Draft for a new blog post on lianghuiyi.com, written to anchor the github-agent-runner launch and cross-post to dev.to + HN (regular story, not Show HN).
Status
Title options
- The sed patch that makes your Claude subscription work inside GitHub Actions
- Running scheduled Claude agents on your GitHub repos, using the subscription you already pay for
- Putting idle Claude quota to work: scheduled agents on GitHub Actions
Draft body
Most of us pay for a Claude subscription and actively use it a few hours a day. The quota sits idle the rest of the time.
GitHub has an extension called `gh-aw` (agentic workflows) that turns any repo into a host for scheduled AI agents. The agents triage issues, review PRs nitpick-style, summarize repo activity daily, open draft PRs when docs drift from code. They run on a cron inside GitHub Actions.
The natural pitch is: use the Claude subscription I'm already paying for to run these agents, so the idle capacity does something useful overnight.
For a few months, this was straightforward. Then it stopped being.
What changed
gh-aw originally supported a secret called `CLAUDE_CODE_OAUTH_TOKEN` natively, via an internal `AlternativeSecrets` mechanism. You'd set the secret on your repo, gh-aw's compiler would wire it up, and your subscription-authenticated Claude Code CLI would run inside Actions.
PR #16757 removed that mechanism on 2026-02-19. The reason, from the PR discussion, was refactoring around a cleaner `AuthDefinition` scaffolding (PR #20473, merged 2026-03-11) that would eventually allow richer auth modeling including OIDC. Issue #16498 tracks the re-introduction. Until that ships, compiled gh-aw workflows only know how to wire up `ANTHROPIC_API_KEY`.
Which means: out of the box, every workflow run bills the Anthropic API per token. Your subscription sits unused.
The obvious fix, and why it silently fails
The obvious fix is to edit the compiled `.lock.yml` file gh-aw produces and swap `ANTHROPIC_API_KEY` for `CLAUDE_CODE_OAUTH_TOKEN` everywhere. One sed command:
```bash
sed -i 's/ANTHROPIC_API_KEY/CLAUDE_CODE_OAUTH_TOKEN/g' \
.github/workflows/.lock.yml
```
I tried this. The workflow ran. It didn't error out in Actions.

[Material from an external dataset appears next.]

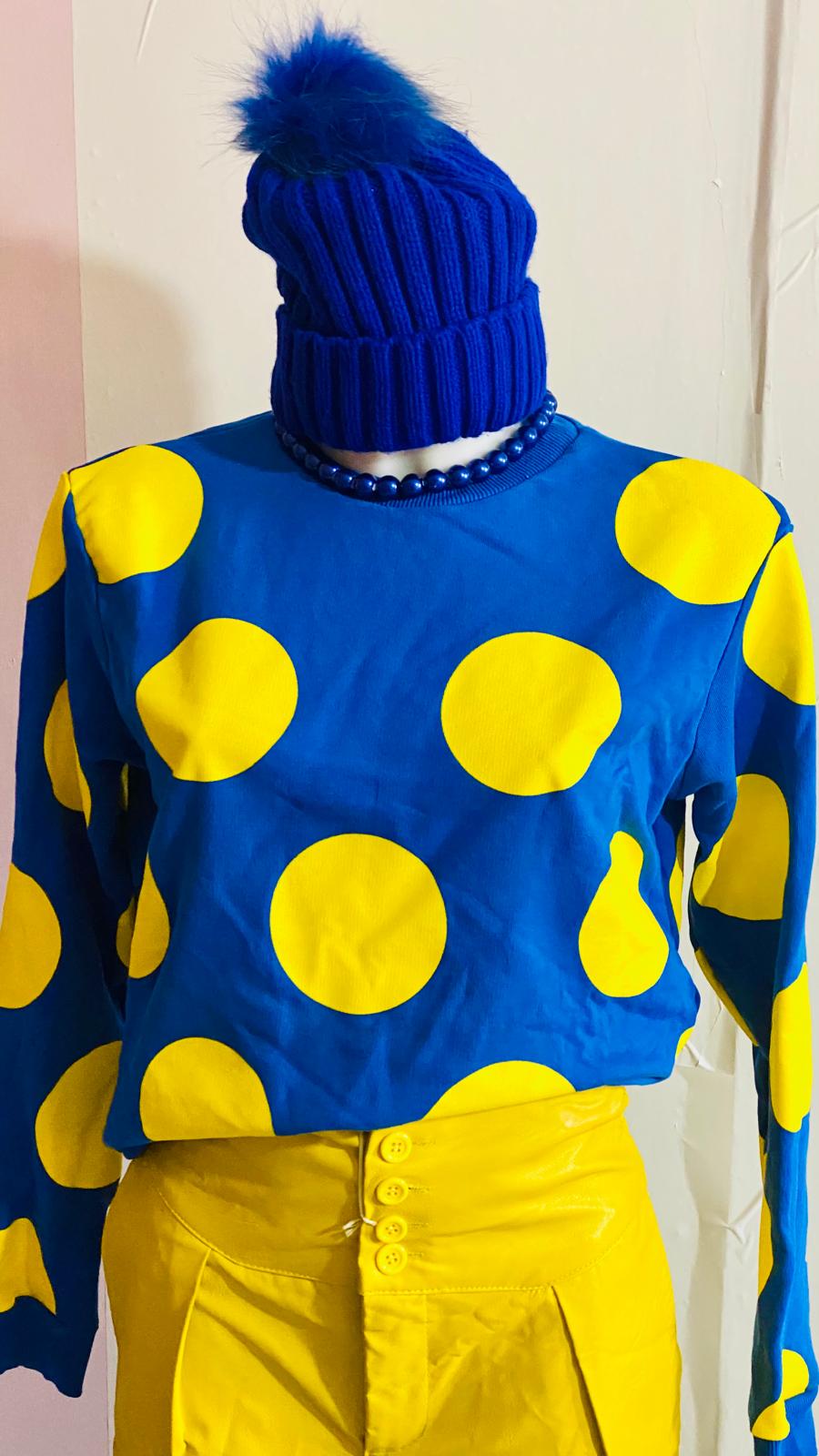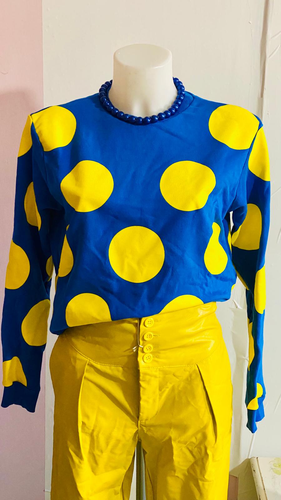 Completo affascinante che unisce stile retrò e sostenibilità. Il pantalone in ecopelle a vita alta Taglia M piccola nel caldo giallo scuro crea una silhouette elegante e slanciata, mentre la felpa a pois aggiunge un tocco di giocosità vintage. Perfetto per chi vuole osare con colori audaci mantenendo un'estetica consapevole. Un outfit versatile che passa dal giorno alla sera, ideale per chi ama il second hand con carattere e personalità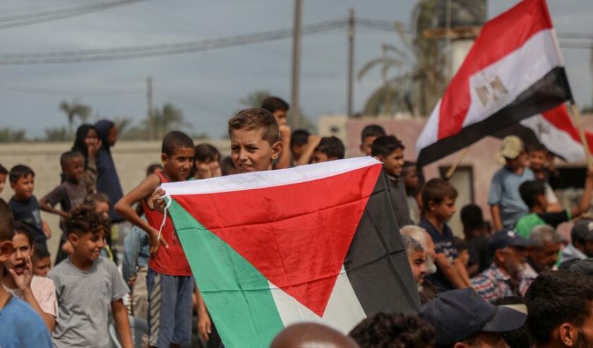 Warga Palestina berkumpul setelah pengumuman bahwa Israel dan Hamas telah menyetujui kesepakatan gencatan senjata Gaza di depan markas besar komite Mesir di Deir al-Balah, Jalur Gaza tengah, pada 9 Oktober 2025. Foto: Xinhua

But when I inspected the agent logs, every run ended with:
```
Not logged in · Please run /login
```
The agent never authenticated, so it didn't do anything useful. But nothing in the outer workflow noticed. The job was green.
I spent an evening figuring out why. The answer is in how gh-aw sandboxes its agent process.
The sandbox carve-out
gh-aw runs its Claude calls inside a lightweight sandbox (`awf`) that strips certain environment variables from the inner process before executing the CLI. The stripping is controlled by `--exclude-env ` flags. The generated `.lock.yml` has, by design, a line like:
```yaml
awf --exclude-env ANTHROPIC_API_KEY ...
```
The rationale is a security default. When gh-aw is using the Anthropic API proxy pattern, authentication happens outside the inner sandbox. The inner CLI doesn't need to see the key. Stripping it prevents accidental leaks if the inner agent writes env dumps to logs.
My sed pass had replaced `ANTHROPIC_API_KEY` everywhere, including inside that flag. So the sandbox was now stripping `CLAUDE_CODE_OAUTH_TOKEN` from the inner process. The CLI ran with no auth. It reported "Not logged in." Actions reported success because the outer job completed.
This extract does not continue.